Do you fully understand the differences between the high level and low level connections?


----------



## fauzigarib (Mar 11, 2010)

Moonfly said:


> The high level and low level connection dont work simultaneously, only one works at a time. This is slightly dependant on system setup, but assuming your bass management has your mains set at 80hz then only one connection will ever be active at once.
> 
> You are correct in that the BFD goes into the low level connection feed, and as such will only be active when this connection is in use.
> 
> Do you fully understand the differences between the high level and low level connections?


Moonfly,

I guess I don't. I thought that the High Level stays on all the time and, since it's getting its feed from the amp, it's on or off depending on the frequency you set in the woofer. Whereas the Low Level is a direct feed from the LFE in the Lexicon. But I thought they ran concurrently... Guess I need to understand more. Am I way off?

-Fauzi


----------



## Moonfly (Aug 1, 2008)

The high level connection reads the bass content in the speaker outputs, and reproduces this according to the crossover set on the sub itself. In a bass managed system it depends where the bass is being sent as to which method your sub will use. Both connections are permanently active, but since your processor dictates where the bass is sent, then it dictates which connection on the sub is in use at any particular time.

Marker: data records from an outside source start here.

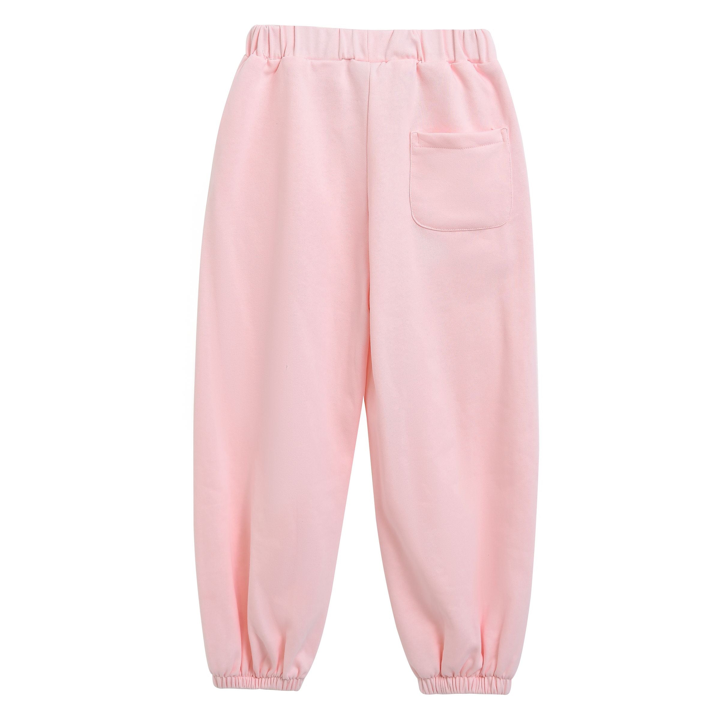 - Soft Pink Jogger Pants: Elastic waist and cuffs with side pockets for relaxed, all-day wear.
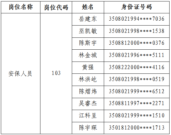 根据2020年4月9日发布的《关于龙岩城发物业有限公司公开招聘城发·望郡项目营销处工作人员的公告》有关要求,经报名、资格审查、组织考试、考察、体检等程序,确定岳建东等10位同志为拟聘用人选(第三批),现予以公示如下:
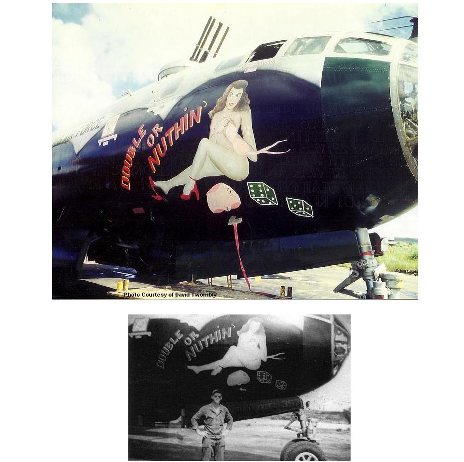 Double Or Nothin[5357] 19BG-28BS: Dice was a popular game to see who paid the bar bill.  The loser would often go for double (two drinks or twice the ante) or pay nothing—depending on who rolled the highest number. In this illustration the SYT appears to be down to “nothing,” so obviously the “double” means something else is at stake.  Originally Shady Lady when assigned to the 98th, Double or Nothing was shot down by MiGs on  01/29/1953 near  Pyongyang.
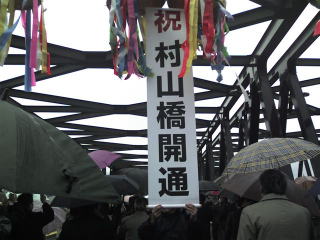 | (7)村山橋第2期線開通式に参列 千曲川に架かる現在の村山橋は、大正15年に永久橋として架設されました。橋の長さは凡そ814m、車道幅員5.5m、鉄道3.8mで赤褐色の鉄橋(現在は濃い黄緑にペンキ塗替え)は、私たちの誇りの橋でしたが、車社会において1車線の相互通行では、渋滞が常習的であり、鉄道と共用であることもあり、長野市側の鉄橋脇にある踏切は大変危険な踏切となりました。亦、千曲川の河床が相対的にあがってしまったのか、降雨量が多いのか大雨が降ると、橋桁に川面が触れるぐらいになって危険であることから、鉄道の運行が中止されることも近年は見受けられるようになりました。酷使に酷使をしたために橋自身の老朽化が指摘されるようになりました。 そこで、現在の村山橋の上流に4車線の道路と鉄道橋の建設が平成10年より架け替え工事が進められ、本日(12月22日)に新村山橋の長野から須坂に向けての車道部分が供用開始されるにあたり開通式がとり行なわれ参列しました。 参列者は長野県知事、衆・参議院の国会議員、地元県議会議員、長野市、須高三市町村の首長と議会議員、国土建設省関係者等凡そ150名が参列し、橋の安全を祈願しました。 北信地方の歴史がまた一枚書き換えられたと言える。子々孫々はこの新村山橋に郷里を屹度感じてくれるであろうと感じました。 ![]() 長野から須坂に向けての橋の開通 2009.12.22 ![]() やがては取壊される旧橋から開通式を待つ新橋(黒色) 2009.12.21 撮影 ![]() 二度と見れなくなった旧村山橋の風景 2009.12.21 撮影 |

If you have your crossovers set to say 80hz (and so your main speakers set to small), then all bass at 80hz and below is diverted from the main speakers and is sent via the LFE connection. As such there will be no sub 80hz bass in the speakers output for the high level connection to read. Obviously if you set the high level crossover above 80 hz then there would be some content there etc etc.

Still with me?

Now, if you change the mode your processor is running, from bass managed to a more traditional setting for music, as in your speakers are full range, then the LFE output is disengaged and the bass is sent to your speakers. There is now the full amount of bass in your speakers output for the high level connection to feed off. Your sub would now be reproducing bass via the high level connection, and the crossover is dictated on board the sub. In this case, the idea is to match the crossover value to the natural roll off response of the speakers. So if your speakers are good to say 50hz, I would set the high level crossover to about 60hz, listen, and tune by ear till your happy.

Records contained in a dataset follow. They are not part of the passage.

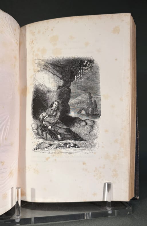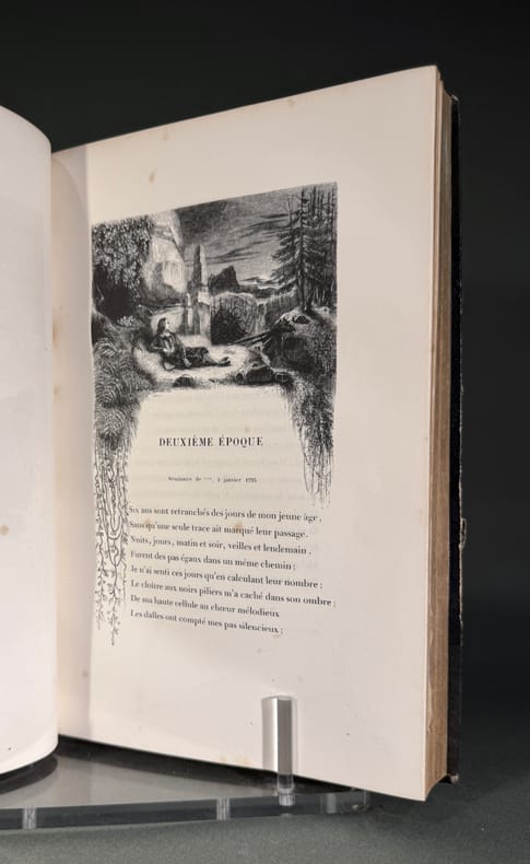 P., Charles Gosselin, Furne et cie, 1841, pt in-4°, (4)-xl-424 pp, introduction par Jules Janin et nouvelle préface de Lamartine, un frontispice et 11 gravures hors texte sous serpentes roses légendées, nombreuses vignettes dans le texte, reliure plein chagrin bordeaux, dos à 4 nerfs filetés soulignés à froid, caissons à froid à décor doré, titres dorés, décor doré et filets à froid d'encadrement sur les plats, coupes filetées, dentelles intérieures dorées, gardes de papier moiré, tranches dorées (rel. de l'époque), bon état. Très bon exemplaire sans rousseurs
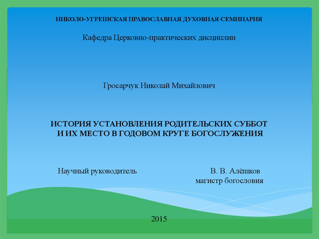 НИКОЛО-УГРЕШСКАЯ ПРАВОСЛАВНАЯ ДУХОВНАЯ СЕМИНАРИЯКафедра Церковно-практических дисциплин
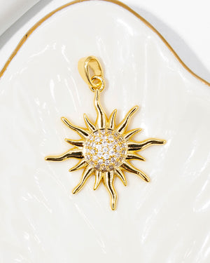 Dije de sol grande, tiene baño de rodio, incluye 1 unidad.
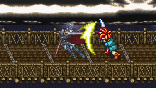 Lucina presses her advantage and spins the lance in hand again, activating the Sol technique and slashing Crono with Geirskögul, simultaneously injuring him again while magically rejuvenating herself.
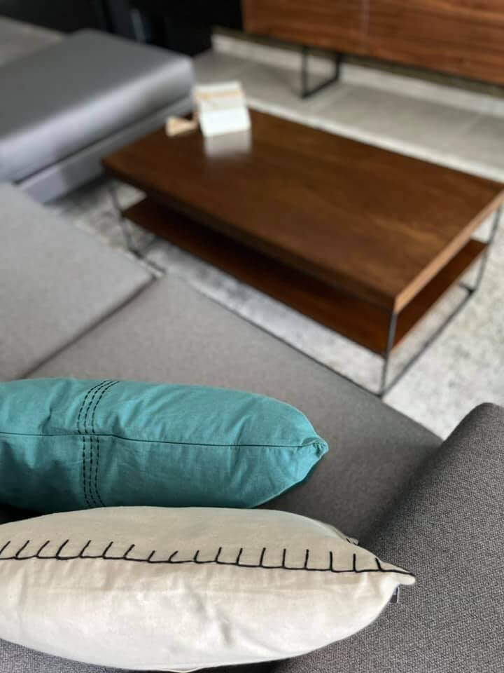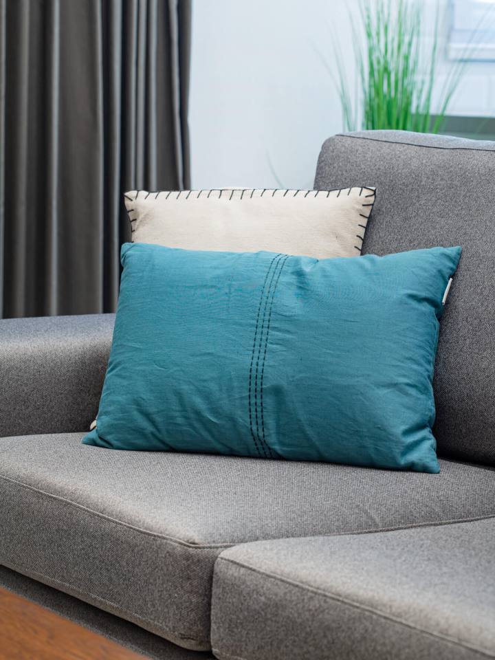 פרט עיצוב עדין המעניק חמימות ורוך לפינת הישיבה – כריות דקורטיביות בגווני טורקיז ושמנת על ספה אפורה במרקם רך. השילוב בין הצבעים מוסיף נגיעה טבעית ורעננה, היוצרת תחושת נוחות והרמוניה עיצובית בחלל.
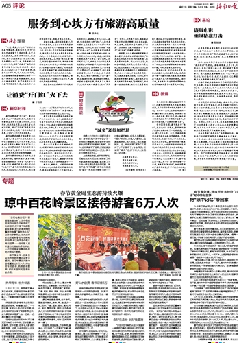 百花岭雨林文化旅游区总经理吴丽介绍,在春节期间,景区刚刚试营业,但是景区接待的游客和本地市民日均近万人,完整的雨林景观,完善的景区设施和细致入微的景区服务,受到了游客的一致点赞,在春节期间,没有接到任何一起投诉。
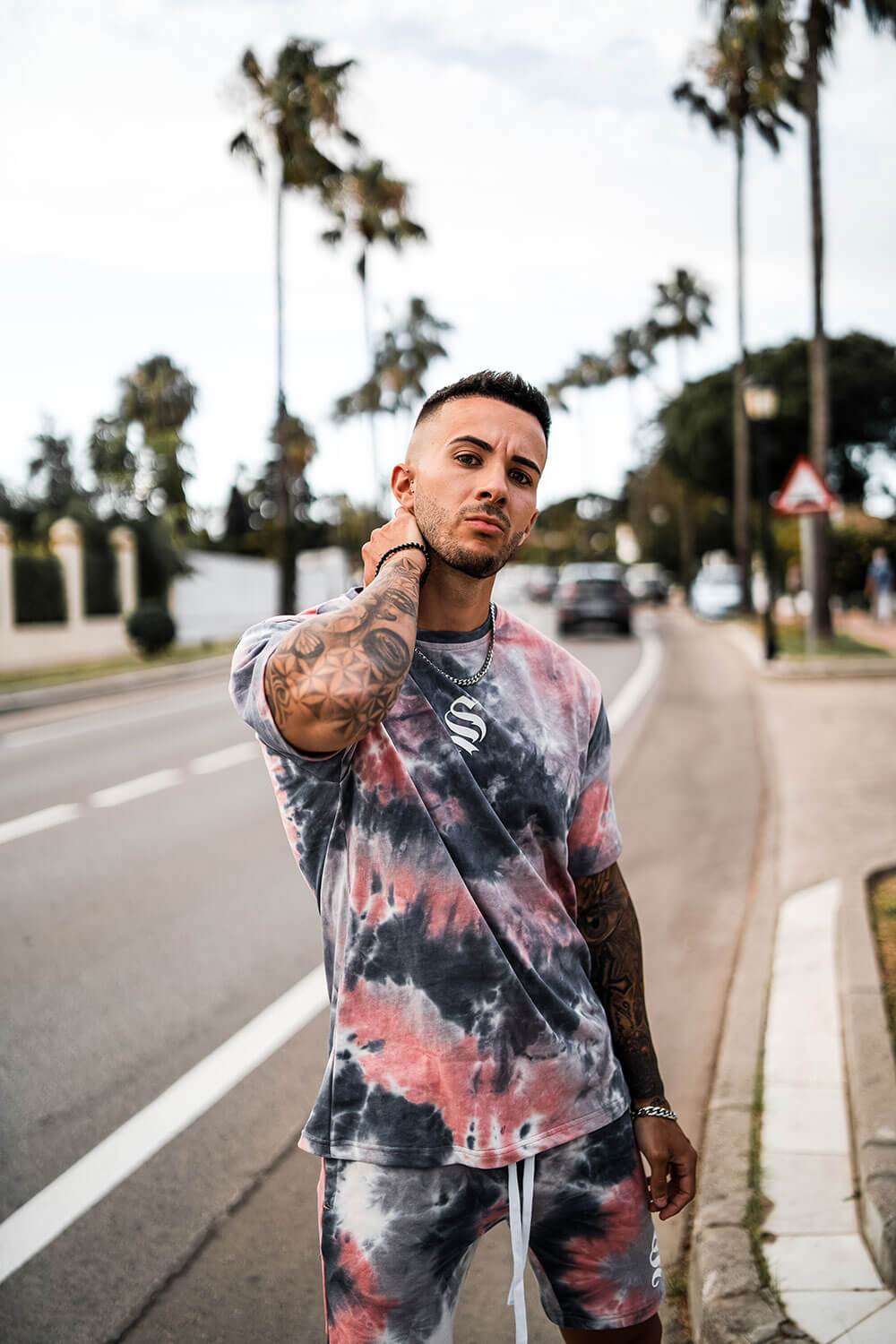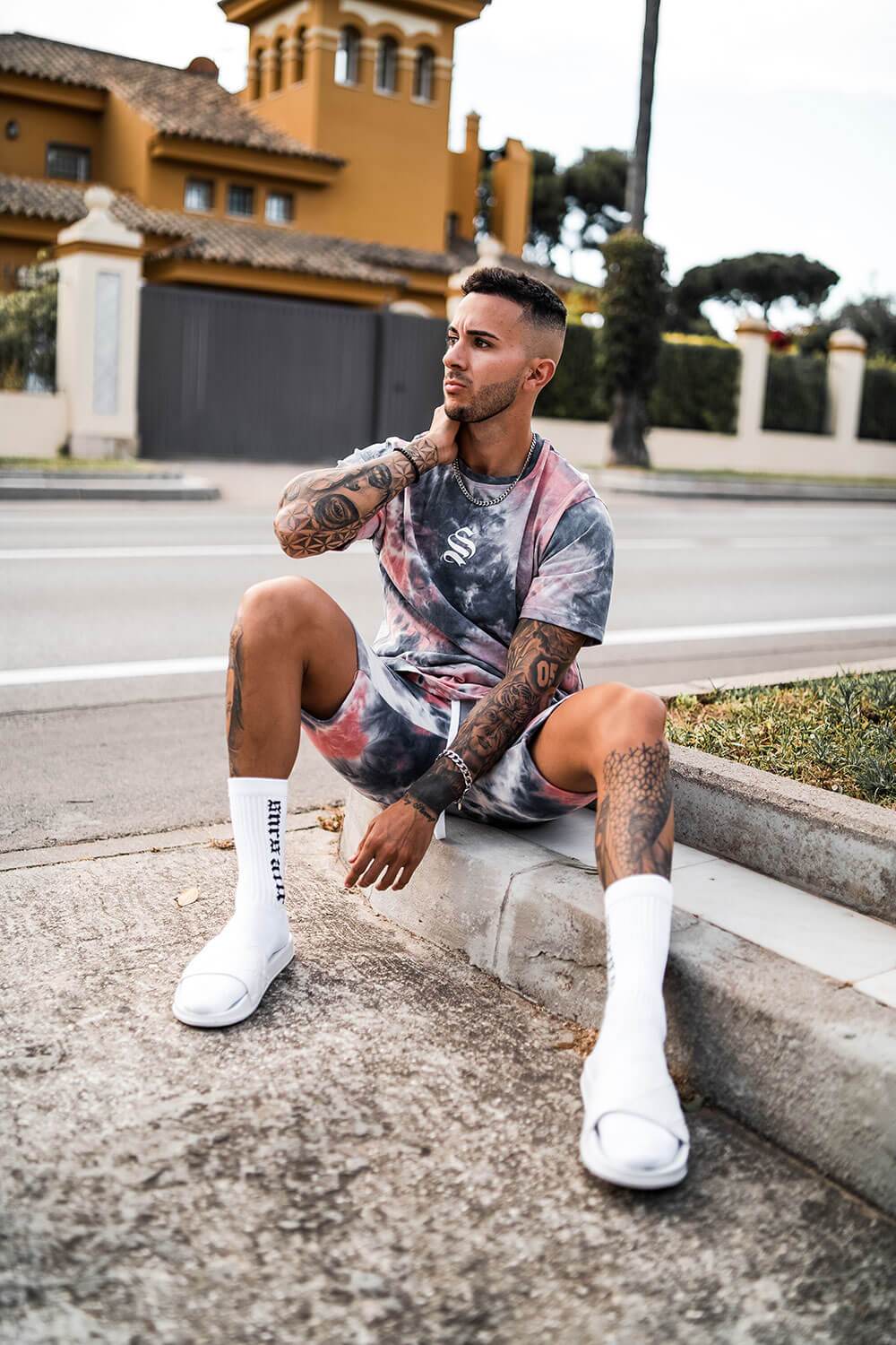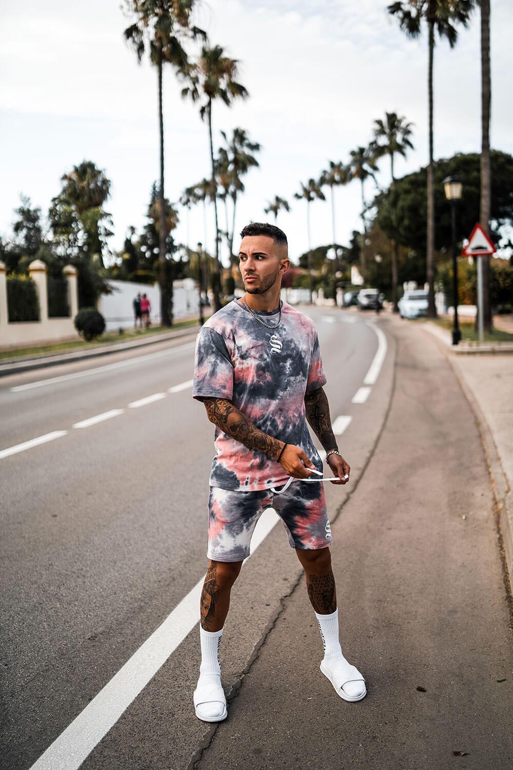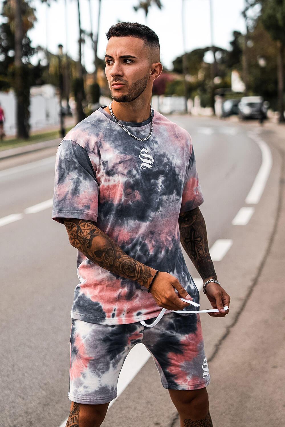 Tie Dye Drop Shoulder Tee - Navy/Orange

Both connections can be used together, but you essentially switch between them using the processor. Generally the LFE connection is the normal way of running a sub these days. The high level is a bit of a throw back from before .1 existed. That said, there are still people who prefer the high level connection, it has a smoother roll of than the LFE method, and a good full range speaker generally sounds more musical run in full range. The high level connection then comes in only to help the main speakers with the low end improving system bass response musically.

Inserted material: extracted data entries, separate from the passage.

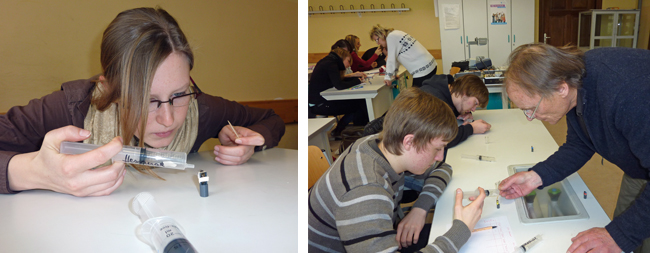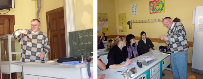 In diesem Jahr stand der experimentelle Biologieunterricht im Mittelpunkt des Vortrages von Herrn Prof. Menzel. Dazu hatte er Bienen mitgebracht, die im Schülerexperiment etwas assoziativ Lernen sollten. Ein primärer, zunächst neutraler Reiz, ein Duft, z.B. Linalool, wurde verknüpft mit einem sekundären Reiz, einer Zuckerlösung, bei dem die Biene ihren Rüssel ausstreckte. Wenige Wiederholungen genügten und die Biene streckte ihren Rüssel bereits bei Duftzufuhr ohne anschließende Gabe der Zuckerlösung aus. Anschließend begaben sich die Schüler auf die Suche nach den Gedächtnisspuren bei den Bienen. Dabei half Herr Prof. Menzel, in dem er seine Erklärungen mit beeindruckenden Aufnahmen von miteinander kommunizierenden Neuronen und von abgeleiteten Aktionspotenzialen zeigte.
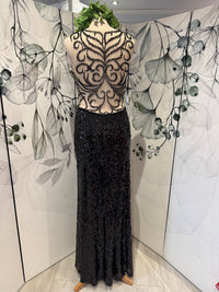 Step into the spotlight with the Dynasty 1012407 Prom Dress, a stunning full sequin black gown that exudes elegance. The illusion neckline and back, beautifully adorned with delicate beading, create a captivating silhouette that will leave a lasting impression.
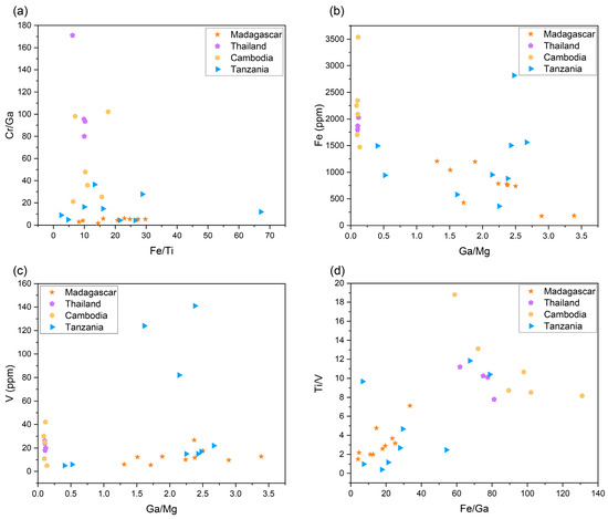 (a) The relationship between the ratio of Cr/Ga and Fe/Ti of Madagascar pink-purple sapphire and pink and red corundum from Thailand, Cambodia, and Tanzania; (b) the relationship between the ratio of Ga/Mg and Fe content of Madagascar pink-purple sapphire and pink and red corundum from Thailand, Cambodia, and Tanzania; (c) the relationship between the ratio of Ga/Mg and V content of Madagascar pink-purple sapphire and pink and red corundum from Thailand, Cambodia, and Tanzania; (d) the relationship between the ratio of Fe/Ga and Ti/V of Madagascar pink-purple sapphire and pink and red corundum from Thailand, Cambodia, and Tanzania.
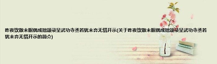 本文关于昨夜饮散未眠偶成拙颂录呈武功寺丞若犹未弃无惜开示的简介就讲解完毕,希望对大家有所帮助。

You can run either, or both, its entirely upto you. Generally LFE is the preferred way especially as EQ systems like Audyssey are only active here, but if you like the sound of the high level connection, particularly in a musical context (Rel swear by it, and I find Rel subs some of the most musical out there IMO), then using this and switching to it when required is absolutely fine.


----------



## recruit (May 9, 2009)

Dan - REL subs do actually use both high and low levels simultaneously as opposed to other subs out there, this is one feature that REL do recommend in doing...after owning a Quake/ Q150MKI &MKII / Strata III and Strata V, I did combine the 2 and had good results, well apart from the Quake that is :blush:


----------



## fauzigarib (Mar 11, 2010)

Moonfly,

Wow! Thanks for the explanation.

So let me get this straight. I use my system for movies 80% of the time and music say 20%. So am I right in doing the following?:

In my movie modes, set the speakers as small, manage the bass at 80 Hz through processor, cross the subs setting at 31 (but this is irrelevant, as the LFE will still play all signals below 80Hz through LFE).

For music, speakers are set as large, lfe turned off in processor, and crossover at 31. This way, only the high level connection is playing in the REL.

Is the above accurate?

Also one other stupid question. On my Lexicon, there is no setting for small or large speakers... only crossovers. So is a speaker that is crossed over at 80 considered large? and say 120 Hz for small? Or is there something else that I need to set to get the large and small settings accurate?

Thanks again, moonfly..

Fauzi


----------



## Moonfly (Aug 1, 2008)

A large speaker is considered one that will run full range convincingly, so say down to 30hz with authority. You can forget large and small for the sake of argument if you wish, some inferior processors only allow you to set small of large, but yours gives you full control. The 80hz barrier is considered where sub bass becomes omnidirectional so that is where the optimal crossover point is for movies/subs.

If you want to run high level, simply switching your processor to pure audio or something similar (not sure what yours has exactly) would turn off bass management and run your speakers full range, although this is generally a stereo only mode.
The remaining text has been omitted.